Is it about me ??? Of course I'm not saying that metallurgy came to Europe from Yamnaya.

I'm saying that R1b men from the Balkans or from the Middle East introduced metallurgy to Yamnaya.




> Have they also forgotten that Remedello in northern Italy had copper metallurgy and were I2a typically Middle Neolithic people autosomally, and that G2a Oetzi used copper tools and more importantly had arsenic in his blood and so might have been a copper worker?


They were just native Farmers of the area - not people responsible for spreading metallurgy.

What does it mean "copper worker" - physical labourer, simple miner? Surely not a skilled blacksmith.

----------


## Tomenable

> Remedello in northern Italy had copper metallurgy and were I2a typically Middle Neolithic people autosomally


Powhatan were autosomally 100% Native Americans in 1620. But it doesn't disprove the existence of Jamestown.  :Smile: 

When John *Smith* (what a coincidence!) came to North America, he did not immediately fell in love with Pocahontas.

Admixture between locals and newcomers always takes time (both groups are initially genetically distinct). When a new population mixes into a pre-existing gene pool, the percentage of the invader's genes within the population must be ~0 at time=0, by definition. The growth of admixture must be something like a linear slope, from a percentage of 0 at time=0 to a percentage X at time T. A population can't "start off as pretty heavy" anything. Individuals interbreed one by one. Entire cultural groups do not instantaneously interbreed. 
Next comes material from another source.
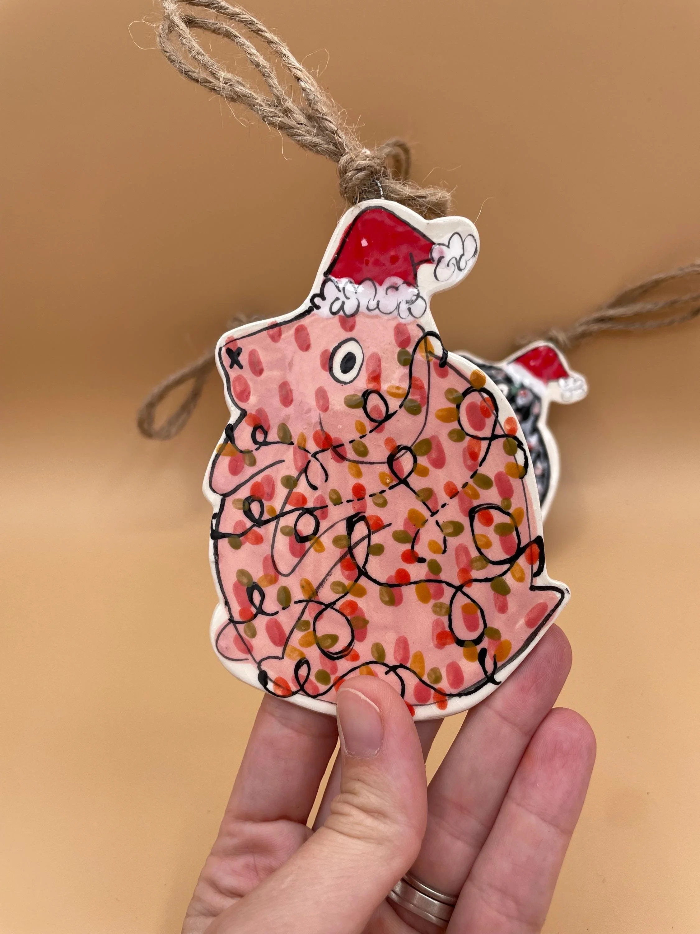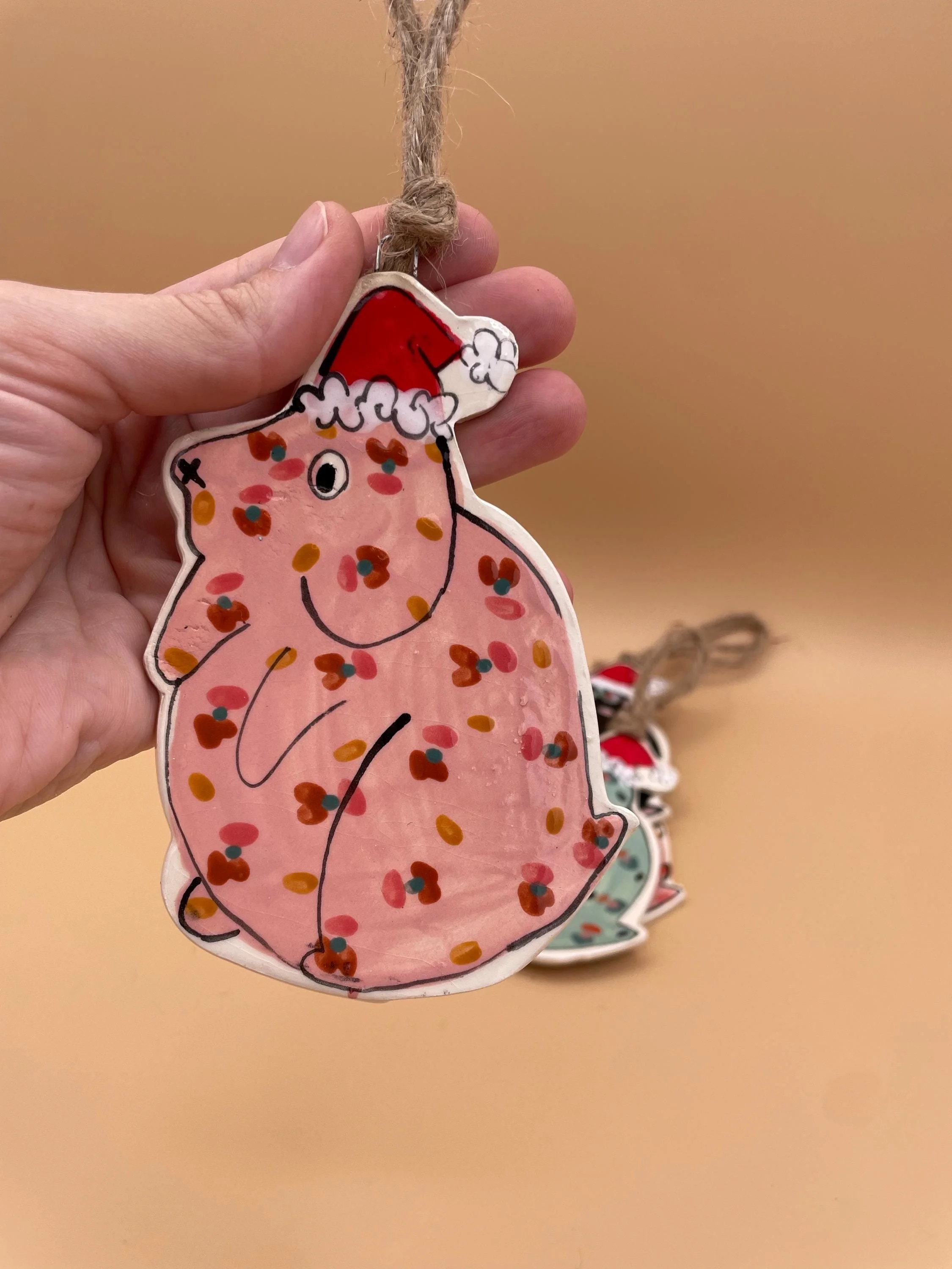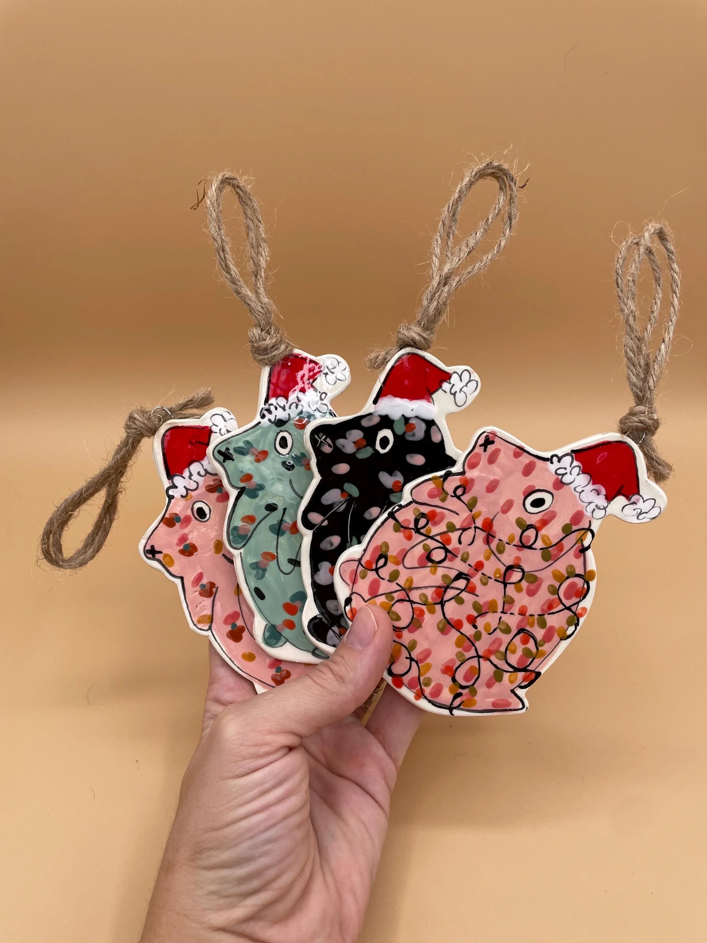 hanging santa dogs measure approximately 4 inches long from hat to bottom. They each hang on natural twine. Available in four color ways - make your selection from the drop down menu at checkout!

Intermarriages of two groups result in a continuous change in admixture from zero to X, and do not require a large percent at t=0.

It could be that most of Remedello population was still Middle Neolithic autosomally, but some immigrants were already there.

----------


## Tomenable

> When they say "Pre-Bell-Beaker" do they mean that he was no BB or that he was ancestral to BB?


I'm not 100% sure, but I think that they mean "ancestral to BB".

----------


## Tomenable

> and that G2a Oetzi used copper tools


This doesn't really tell us anything about Oetzi's profession.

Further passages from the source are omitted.